I’m Not Afraid to Die, another original by Hazama, again dispenses at first with any allusion to folk music, played in a nice middle tempo with fine writing for the trombone underneath the trumpet lead. Kimbrough’s solo is rich in feeling as well as in his variants, while Wendholt switches to flugelhorn for a beautifully relaxed outing. Ryan Truesdell’s Brodeo begins uptempo in a hoedown sort of beat, again scored with a fine ear for texture before moving into a more relaxed pace. Here, Caswell’s violin is more in a jazz-classical sort of vein, followed by the leader’s ethereal alto and an nice, double-tempo polyphonic chorus over Wilson’s drums.
Alphonso Horne’s original The People Could Fly is based on the Bantu music of South Africa. This is, however, a very varied arrangement, shifting in tempo and beat, with Nick Finzer playing plunger trombone in the manner of Tricky Sam Nanton. Some chanting and hand-clapping liven up the latter portion of the piece. This is a real butt-kicker! Vuyo Sotashe and the two ladies contribute some neat vocal effects, too.

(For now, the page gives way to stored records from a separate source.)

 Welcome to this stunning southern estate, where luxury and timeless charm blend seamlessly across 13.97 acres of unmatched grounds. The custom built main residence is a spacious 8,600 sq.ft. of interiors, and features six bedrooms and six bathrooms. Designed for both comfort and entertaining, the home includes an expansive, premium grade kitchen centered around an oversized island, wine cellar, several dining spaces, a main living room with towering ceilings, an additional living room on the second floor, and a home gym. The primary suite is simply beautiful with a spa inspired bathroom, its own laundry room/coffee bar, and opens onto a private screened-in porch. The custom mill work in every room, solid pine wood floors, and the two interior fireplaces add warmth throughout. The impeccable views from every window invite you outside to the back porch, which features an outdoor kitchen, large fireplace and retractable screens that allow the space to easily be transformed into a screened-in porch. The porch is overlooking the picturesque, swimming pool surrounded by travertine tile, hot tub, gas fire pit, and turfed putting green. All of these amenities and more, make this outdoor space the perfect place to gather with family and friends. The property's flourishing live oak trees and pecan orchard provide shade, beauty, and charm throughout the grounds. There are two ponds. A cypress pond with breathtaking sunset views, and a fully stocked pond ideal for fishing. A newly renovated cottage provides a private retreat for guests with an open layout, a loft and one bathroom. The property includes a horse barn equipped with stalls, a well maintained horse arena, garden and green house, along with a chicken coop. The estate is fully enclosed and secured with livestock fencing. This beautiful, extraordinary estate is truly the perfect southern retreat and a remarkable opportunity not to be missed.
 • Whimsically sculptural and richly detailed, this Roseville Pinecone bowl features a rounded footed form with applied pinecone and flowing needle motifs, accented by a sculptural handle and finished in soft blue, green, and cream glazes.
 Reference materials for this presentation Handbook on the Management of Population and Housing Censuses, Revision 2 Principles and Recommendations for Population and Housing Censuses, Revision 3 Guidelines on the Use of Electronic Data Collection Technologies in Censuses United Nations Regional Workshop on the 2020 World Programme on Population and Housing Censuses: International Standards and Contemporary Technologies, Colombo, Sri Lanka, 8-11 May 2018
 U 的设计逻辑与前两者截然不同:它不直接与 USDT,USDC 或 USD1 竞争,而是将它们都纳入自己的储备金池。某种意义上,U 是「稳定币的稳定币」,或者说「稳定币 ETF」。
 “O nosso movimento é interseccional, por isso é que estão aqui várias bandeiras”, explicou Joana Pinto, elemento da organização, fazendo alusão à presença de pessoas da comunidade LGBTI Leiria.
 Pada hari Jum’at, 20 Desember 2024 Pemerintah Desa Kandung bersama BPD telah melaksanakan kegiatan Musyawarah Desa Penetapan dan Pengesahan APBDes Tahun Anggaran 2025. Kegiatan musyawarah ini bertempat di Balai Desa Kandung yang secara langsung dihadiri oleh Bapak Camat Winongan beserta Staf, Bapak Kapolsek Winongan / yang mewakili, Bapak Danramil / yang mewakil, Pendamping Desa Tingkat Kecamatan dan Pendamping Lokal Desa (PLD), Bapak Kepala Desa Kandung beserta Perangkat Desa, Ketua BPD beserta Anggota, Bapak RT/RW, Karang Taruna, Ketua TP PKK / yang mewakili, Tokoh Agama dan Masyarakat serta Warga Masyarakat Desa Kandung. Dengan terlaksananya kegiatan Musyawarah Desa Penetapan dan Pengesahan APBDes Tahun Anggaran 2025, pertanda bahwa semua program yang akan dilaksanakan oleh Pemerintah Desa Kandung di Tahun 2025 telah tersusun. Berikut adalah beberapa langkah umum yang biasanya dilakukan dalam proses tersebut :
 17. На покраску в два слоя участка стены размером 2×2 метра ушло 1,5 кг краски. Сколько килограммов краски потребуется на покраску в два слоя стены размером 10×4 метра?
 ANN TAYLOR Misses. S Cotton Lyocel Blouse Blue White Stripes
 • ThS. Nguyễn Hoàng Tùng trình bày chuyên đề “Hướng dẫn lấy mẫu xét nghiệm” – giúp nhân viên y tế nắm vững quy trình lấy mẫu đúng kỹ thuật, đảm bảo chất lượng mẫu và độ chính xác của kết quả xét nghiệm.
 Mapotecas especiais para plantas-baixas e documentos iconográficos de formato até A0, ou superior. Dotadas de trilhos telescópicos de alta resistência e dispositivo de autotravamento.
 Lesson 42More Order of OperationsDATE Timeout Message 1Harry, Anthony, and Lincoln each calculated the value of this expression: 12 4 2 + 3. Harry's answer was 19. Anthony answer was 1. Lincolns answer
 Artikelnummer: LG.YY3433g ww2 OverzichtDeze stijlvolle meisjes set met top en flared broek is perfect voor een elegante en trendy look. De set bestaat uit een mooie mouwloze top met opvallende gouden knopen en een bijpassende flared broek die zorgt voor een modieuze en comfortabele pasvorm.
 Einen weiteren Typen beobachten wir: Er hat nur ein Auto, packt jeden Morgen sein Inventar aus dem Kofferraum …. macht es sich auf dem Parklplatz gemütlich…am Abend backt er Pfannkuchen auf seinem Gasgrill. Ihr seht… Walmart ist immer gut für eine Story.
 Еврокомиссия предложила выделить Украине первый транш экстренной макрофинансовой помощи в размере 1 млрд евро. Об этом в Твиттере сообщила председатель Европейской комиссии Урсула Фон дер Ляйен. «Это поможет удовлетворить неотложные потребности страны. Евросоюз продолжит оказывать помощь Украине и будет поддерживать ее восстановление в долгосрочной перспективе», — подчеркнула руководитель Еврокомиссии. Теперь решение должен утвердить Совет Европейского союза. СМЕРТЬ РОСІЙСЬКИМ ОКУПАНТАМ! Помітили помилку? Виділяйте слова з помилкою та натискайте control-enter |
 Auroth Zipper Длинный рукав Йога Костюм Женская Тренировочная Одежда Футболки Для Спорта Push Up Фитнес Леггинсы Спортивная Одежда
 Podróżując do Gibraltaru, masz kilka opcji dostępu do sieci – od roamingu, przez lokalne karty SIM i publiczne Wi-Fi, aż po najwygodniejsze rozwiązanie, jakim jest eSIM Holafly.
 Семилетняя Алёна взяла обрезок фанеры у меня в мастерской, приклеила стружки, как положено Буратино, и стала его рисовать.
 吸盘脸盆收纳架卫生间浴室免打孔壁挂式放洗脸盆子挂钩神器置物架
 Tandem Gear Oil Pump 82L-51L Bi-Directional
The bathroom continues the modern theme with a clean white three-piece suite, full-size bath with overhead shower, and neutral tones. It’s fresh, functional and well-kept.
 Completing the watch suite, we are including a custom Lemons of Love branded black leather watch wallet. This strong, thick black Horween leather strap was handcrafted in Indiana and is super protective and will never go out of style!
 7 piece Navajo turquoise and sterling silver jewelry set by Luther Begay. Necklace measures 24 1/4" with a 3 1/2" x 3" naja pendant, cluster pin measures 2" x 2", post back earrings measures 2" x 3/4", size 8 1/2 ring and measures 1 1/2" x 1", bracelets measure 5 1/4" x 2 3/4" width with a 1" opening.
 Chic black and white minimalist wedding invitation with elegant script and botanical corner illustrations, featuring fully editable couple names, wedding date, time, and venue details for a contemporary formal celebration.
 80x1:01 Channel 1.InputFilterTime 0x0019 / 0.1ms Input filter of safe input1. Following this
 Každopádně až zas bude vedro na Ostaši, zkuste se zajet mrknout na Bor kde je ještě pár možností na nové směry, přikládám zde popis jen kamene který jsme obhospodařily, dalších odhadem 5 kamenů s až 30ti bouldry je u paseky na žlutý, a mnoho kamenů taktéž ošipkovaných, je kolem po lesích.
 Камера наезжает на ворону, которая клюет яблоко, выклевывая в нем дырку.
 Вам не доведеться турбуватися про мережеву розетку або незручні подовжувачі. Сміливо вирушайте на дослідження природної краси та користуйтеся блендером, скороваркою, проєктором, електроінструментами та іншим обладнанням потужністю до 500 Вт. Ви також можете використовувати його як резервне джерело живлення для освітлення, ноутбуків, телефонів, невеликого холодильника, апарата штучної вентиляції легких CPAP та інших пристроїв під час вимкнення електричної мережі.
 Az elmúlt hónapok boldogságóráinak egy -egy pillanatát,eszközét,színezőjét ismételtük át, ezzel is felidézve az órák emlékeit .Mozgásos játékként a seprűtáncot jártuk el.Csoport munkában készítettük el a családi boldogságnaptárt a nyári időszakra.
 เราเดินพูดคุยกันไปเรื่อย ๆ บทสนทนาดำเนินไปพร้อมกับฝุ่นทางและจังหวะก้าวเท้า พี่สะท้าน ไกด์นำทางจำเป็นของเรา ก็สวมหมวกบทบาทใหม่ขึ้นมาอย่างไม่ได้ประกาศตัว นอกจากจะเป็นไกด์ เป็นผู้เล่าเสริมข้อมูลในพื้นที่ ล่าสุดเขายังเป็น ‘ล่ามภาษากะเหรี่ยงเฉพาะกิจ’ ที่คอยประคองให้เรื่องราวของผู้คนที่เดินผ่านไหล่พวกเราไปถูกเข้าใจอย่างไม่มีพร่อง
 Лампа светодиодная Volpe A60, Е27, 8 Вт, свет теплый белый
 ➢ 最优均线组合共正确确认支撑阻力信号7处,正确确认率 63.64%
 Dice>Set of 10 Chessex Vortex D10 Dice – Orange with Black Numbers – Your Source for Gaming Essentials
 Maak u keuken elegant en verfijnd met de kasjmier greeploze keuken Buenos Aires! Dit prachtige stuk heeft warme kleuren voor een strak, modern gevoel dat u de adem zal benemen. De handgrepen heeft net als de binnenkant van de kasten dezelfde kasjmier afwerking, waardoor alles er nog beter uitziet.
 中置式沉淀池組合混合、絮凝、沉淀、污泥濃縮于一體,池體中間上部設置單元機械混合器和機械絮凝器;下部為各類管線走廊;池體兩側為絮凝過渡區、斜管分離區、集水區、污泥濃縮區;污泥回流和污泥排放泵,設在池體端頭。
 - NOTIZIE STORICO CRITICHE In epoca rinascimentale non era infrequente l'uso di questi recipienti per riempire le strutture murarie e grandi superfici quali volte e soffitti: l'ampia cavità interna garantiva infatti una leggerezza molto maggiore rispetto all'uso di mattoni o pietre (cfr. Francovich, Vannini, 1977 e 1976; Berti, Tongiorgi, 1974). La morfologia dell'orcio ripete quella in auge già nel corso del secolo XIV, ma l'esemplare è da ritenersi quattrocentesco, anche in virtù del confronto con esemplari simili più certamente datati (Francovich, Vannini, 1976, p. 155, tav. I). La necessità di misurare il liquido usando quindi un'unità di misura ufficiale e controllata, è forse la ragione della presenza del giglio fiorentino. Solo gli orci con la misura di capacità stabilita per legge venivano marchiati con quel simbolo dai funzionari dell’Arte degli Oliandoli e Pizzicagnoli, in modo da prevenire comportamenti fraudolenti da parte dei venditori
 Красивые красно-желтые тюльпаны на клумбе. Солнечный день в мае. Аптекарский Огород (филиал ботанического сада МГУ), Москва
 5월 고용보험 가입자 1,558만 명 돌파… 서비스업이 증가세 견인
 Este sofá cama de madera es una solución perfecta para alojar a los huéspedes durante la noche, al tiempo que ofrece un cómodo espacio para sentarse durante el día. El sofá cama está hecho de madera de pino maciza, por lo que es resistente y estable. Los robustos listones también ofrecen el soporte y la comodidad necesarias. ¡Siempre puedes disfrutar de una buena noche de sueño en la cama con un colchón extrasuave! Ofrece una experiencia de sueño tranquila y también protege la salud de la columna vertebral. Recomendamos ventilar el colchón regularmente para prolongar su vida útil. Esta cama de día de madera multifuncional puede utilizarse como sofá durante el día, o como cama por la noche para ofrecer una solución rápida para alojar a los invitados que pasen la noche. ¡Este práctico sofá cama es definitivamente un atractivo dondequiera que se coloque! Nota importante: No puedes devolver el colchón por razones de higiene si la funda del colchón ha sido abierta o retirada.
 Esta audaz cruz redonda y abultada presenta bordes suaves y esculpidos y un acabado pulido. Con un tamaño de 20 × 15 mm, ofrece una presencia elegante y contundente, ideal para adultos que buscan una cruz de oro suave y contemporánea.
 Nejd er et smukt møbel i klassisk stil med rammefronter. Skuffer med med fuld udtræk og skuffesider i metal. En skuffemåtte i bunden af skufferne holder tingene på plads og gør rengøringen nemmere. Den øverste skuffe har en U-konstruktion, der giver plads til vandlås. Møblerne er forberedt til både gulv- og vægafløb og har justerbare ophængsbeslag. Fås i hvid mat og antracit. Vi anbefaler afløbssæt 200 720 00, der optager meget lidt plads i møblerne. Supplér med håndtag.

We end our journey with another piece by Broder, A Wiser Man Than Me, based on New Orleans dirge style and featuring a much looser arranging style. The slow beat in 3 put me in mind of some of those Southern gospel-jazz pieces that G.E. Smith and the Saturday Night Live band used to play as bumper music back in the late 1970s-early ‘80s. And the band here gives it the same kind of “koochy” feel, getting under the skin of the music as it rides nice and easy into the sunset.
This album is a wonderful find and strikingly original in addition to being appealing music.